Sometimes I don’t want to. Really.

Have you ever had an assignment and you just didn’t want to finish it? Most of us have.

We live with extended power cuts. I don’t like it but there’s little I can do to convince the power company to give us more power. What’s worse than a power cut is a power cut coupled with the water company cutting the water supply.

When we have power and water together, often from the late hours of the night into early hours of the morning, I will get up to wash clothes. I am fortunate enough to have a washing machine so I can’t complain! But I still don’t want to get up at 2:00 a.m. to wash clothes.  Unless I do it, there won’t be clean clothes so I really don’t have a choice. I simply get up and do it. When it’s all said and done, it was good that I got up. Our clothes are clean. It feels good to get it done but the doing was not so pleasant.

Many crossroads

Every day I come to many crossroads where I have to choose which way to go, which way is best, which way holds greater benefit. Benefit for who? Greater benefit for others. I don’t do the laundry just for myself (there would be an all-out revolt if that were to happen, could you imagine??). And I don’t check my daughter’s homework for myself (although she thinks I do). Nor do I make sure there’s dinner on the table for myself (husband wouldn’t appreciate if I chose only what I like, things that include foods that he detests!). There’s a domino effect on making choices for the sake of others, often to our own perceived detriment.

So I don’t want to but I do anyway.

I don’t want to

As a parent I don’t want to leave my children behind in the USA as I chase the dream to plant churches and outreaches in Africa.

I don’t want to start all over again without a team, having to do everything. Who really wants to be the chosen one to start a school, teach new converts, lead children’s church, and make sure the meeting area is clean?

I don’t want to walk my youngest through this, it would be so much easier not to have to explain the call of God to faraway lands to her.

But I know that choice would end in misery. So I choose the road that seems rough, full of potholes and detours over the well-paved highway.

So a lot of what I live is out of obedience, knowing the choice I’ve made will bring me to the best result.

But it’s not easy. It’s far from easy.

But it’s better, far better than taking the other road.

Psalm 118:27 NLT “The Lord is God, shining upon us.

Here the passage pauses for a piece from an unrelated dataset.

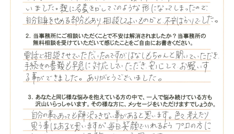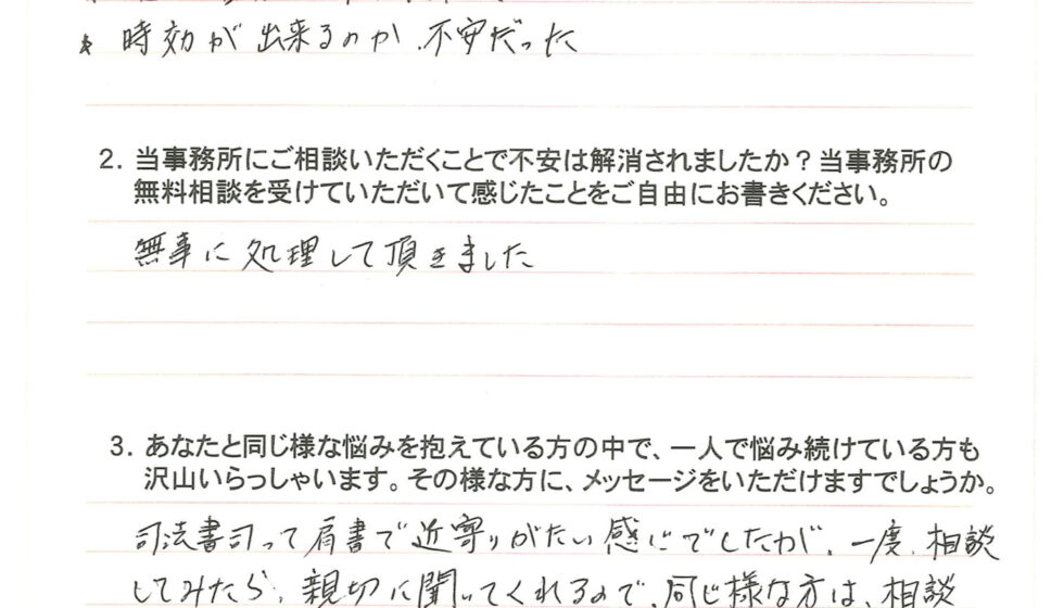 ご依頼者様から「ありがとう」「おかげで気分が軽くなったよ」と声を掛けていただけた時、私は司法書士として強い喜びと達成感を感じます。
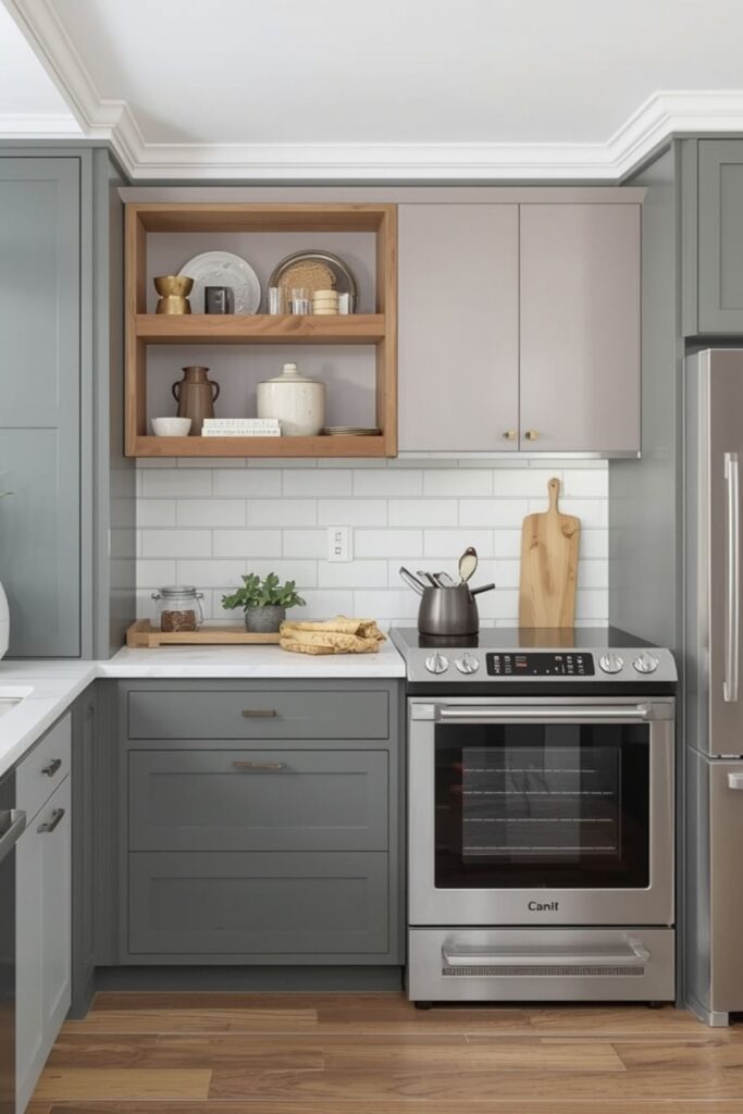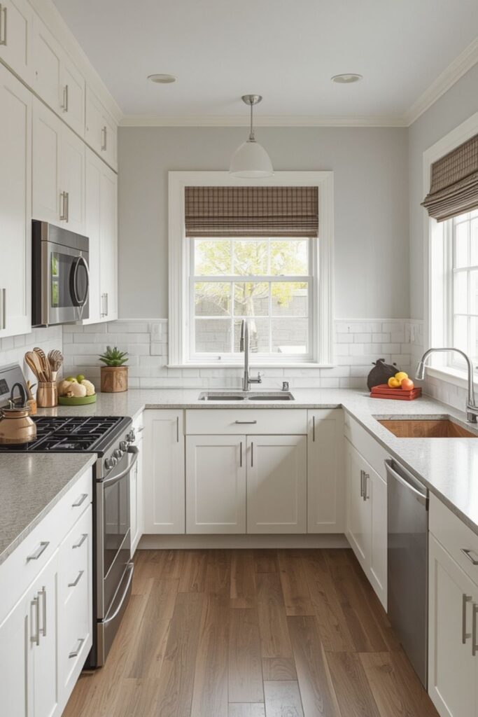 Color choice plays a major role in how small kitchens feel. Light colors reflect natural and artificial light, making spaces feel larger and calmer. Soft whites, pale greys, and warm neutrals are common in Small Kitchen Layout Solutions Ideas.

Take the sacrifice and bind it with cords on the altar.”


The Road Not Taken

By Robert Frost

Two roads diverged in a yellow wood,

And sorry I could not travel both

And be one traveler, long I stood

And looked down one as far as I could

To where it bent in the undergrowth;

Then took the other, as just as fair,

And having perhaps the better claim,

Because it was grassy and wanted wear;

Though as for that the passing there

Had worn them really about the same,

And both that morning equally lay

In leaves no step had trodden black.

Oh, I kept the first for another day!

Yet knowing how way leads on to way,

I doubted if I should ever come back.

I shall be telling this with a sigh

Somewhere ages and ages hence:

Two roads diverged in a wood, and I—

I took the one less traveled by,

And that has made all the difference.

Lea

I'm a career missionary in Africa serving since 1987 with my husband and family. My husband and I have four children, three of whom are married, and two grandchildren. Life is good.